WASHINGTON –- In politics, as in life, no good deed goes unpunished. Just ask President Barack Obama.
Facing a tidal wave super PAC spending from the likes of GOP-backing billionaires Sheldon Adelson and the Koch brothers, the Democratic president lacks countervailing help from the super pack of well-heeled allies he drew in 2008 -– and rewarded with government jobs abroad.
Call them the Bundler-Ambassadors: wealthy individuals, most of them with deep ties to the business community or corporate law, who gave money of their own, and, more importantly, hit up wealthy friends for “bundled” Obama cash.

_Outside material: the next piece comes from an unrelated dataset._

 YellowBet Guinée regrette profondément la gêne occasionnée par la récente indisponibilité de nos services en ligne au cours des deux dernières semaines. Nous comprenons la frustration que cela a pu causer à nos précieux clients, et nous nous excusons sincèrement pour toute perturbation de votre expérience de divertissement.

In exchange, though no one exactly called it that, the president nominated many of them for plum diplomatic assignments, in cities from Paris, London and Berlin to Tokyo, Amsterdam and even Bratislava, Slovakia.

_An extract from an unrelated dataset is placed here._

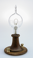 Heinrich Gobel, a German watchmaker who immigrated to New York, used a carbonized bamboo filament secured in a glass container for his Incandescent electric lamp design. -

There is no sign that the ambassadors are eager to come home and bundle again. Indeed, a Huffington Post sampling on background via email revealed that none were planning to return to bundle campaign contributions for the president's reelection.
The Huffington Post compared the State Department diplomatic list with information on 2008 contributions and found 28 individuals of ambassadorial rank who had raised a total of more than $14 million for the president. One of them, Kentucky entrepreneur Matthew Barzun, quit his ambassadorial post in Sweden several months ago and is now the Obama reelection’s finance director in Chicago. But, based on an informal survey, his colleagues across the globe have no interest in doing the same thing.
It’s not just a matter of enjoying the perks, prestige and international education.
In several spots, such as Berlin, where former Goldman Sachs partner Philip Murphy is in charge, the U.S. ambassador’s business expertise and experience in the country are especially valuable in economic diplomacy. Murphy, who was finance chair of the Democratic National Committee, spent time in Germany with Goldman and has known many of the key players in government and banking circles for years.
Another example is Spain. Former Boston health care executive Alan Solomont’s business experience and newly forged ties with local economic leaders (not to mention the president) make him an asset for Spain and the U.S. alike at a time of crisis in the European economy in general and Spain in particular.
But as long as the government employs them, the former bundlers can’t donate to, let alone spend time raising cash for, the president. They’re out of the bundling ball game.
This process isn’t new. Wealthy campaign donors have long been first in line for ambassadorships that are long on history and cachet, such as London or Paris. (We don’t send bundlers or donors to, say, Baghdad or Beijing.) Once they get the lifetime title of “ambassador,” they rarely are interested in returning to grubby fundraising.
Incumbent presidents also are fully aware of the fact that they will probably have to replace their first wave of financial backers with succeessors. It’s the natural order of things, and good for the bloodstream to find new money.
So far, the Obama campaign has done a pretty good job, according to government and campaign statistics. According to campaign data supplied to The Huffington Post, Obama has enlisted 532 “major volunteer fundraisers” so far this year, compared with 558 in all of 2008. And according to the Center for Responsive Politics, 36 percent of the campaign’s donations so far in 2012 have come from such donors, compared with 32 percent in 2008. In other words, the bundlers are relatively more important than ever.
Despite some bad-mouthing in recent weeks -– and the advent of the first quarter in which Mitt Romney’s campaign outraised the president’s -– Obama campaign officials in Chicago said they remain confident they will reach their fundraising goal, which hovers in the vicinity of $1 billion. A new wave of bundlers, they said, is emerging from other sectors, particularly entertainment, Silicon Valley and the gay community.
But the same Obama officials fret about the surging flow of mega-donations from conservative billionaires, especially since the Democrats’ own billionaire game-changer, George Soros, has shown no inclination to do in 2012 what he did in 2008, when he was the leading source of personal donations.
How will Team Obama fight back against the late bombardment of tens of millions of dollars in secretly donated cash to super PACs?
The president will need all the help -– and all the connection to big money in business -– that he can get. He is not beloved in corporate boardrooms of banks, investment houses and the law firms that serve them. But those are precisely the people that the bundler-ambassadors (and some other former bundlers in the administration) know best.
But a good many of those folks will be busy, and not even on this continent.
CORRECTION: A previous version of this article reversed the number of bundlers Obama had in 2008 and 2012. The error has been corrected.